**Task objective**
From the material below, retype exactly the lines that begin at the line with "全体师生共同观看了毕业生回忆" and end after the line with "This stylish ball"; pictures stay out of the copy.

**Material provided**
-*-

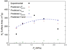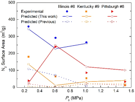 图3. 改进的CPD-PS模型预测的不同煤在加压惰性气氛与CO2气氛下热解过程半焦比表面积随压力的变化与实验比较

-*-

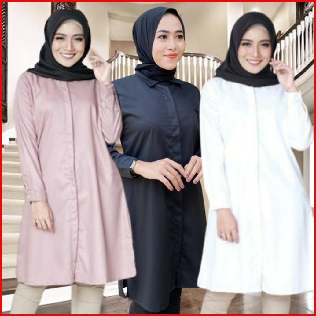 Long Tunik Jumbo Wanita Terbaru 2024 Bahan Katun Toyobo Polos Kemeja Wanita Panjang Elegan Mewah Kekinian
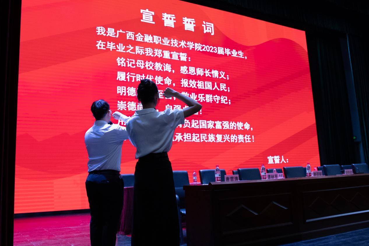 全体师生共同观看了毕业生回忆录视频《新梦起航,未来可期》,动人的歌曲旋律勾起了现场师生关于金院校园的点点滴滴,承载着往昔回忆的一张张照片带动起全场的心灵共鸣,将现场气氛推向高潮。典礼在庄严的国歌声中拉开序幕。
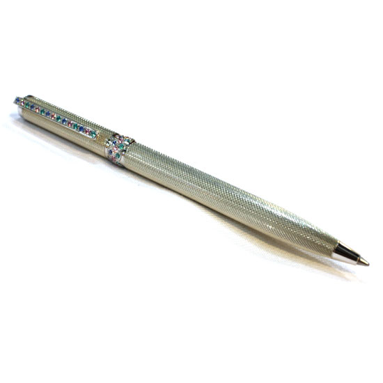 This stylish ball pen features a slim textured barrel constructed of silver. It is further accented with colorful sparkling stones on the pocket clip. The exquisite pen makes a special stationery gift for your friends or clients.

-*-

**Written reply**
 全体师生共同观看了毕业生回忆录视频《新梦起航,未来可期》,动人的歌曲旋律勾起了现场师生关于金院校园的点点滴滴,承载着往昔回忆的一张张照片带动起全场的心灵共鸣,将现场气氛推向高潮。典礼在庄严的国歌声中拉开序幕。
 This stylish ball pen features a slim textured barrel constructed of silver. It is further accented with colorful sparkling stones on the pocket clip. The exquisite pen makes a special stationery gift for your friends or clients.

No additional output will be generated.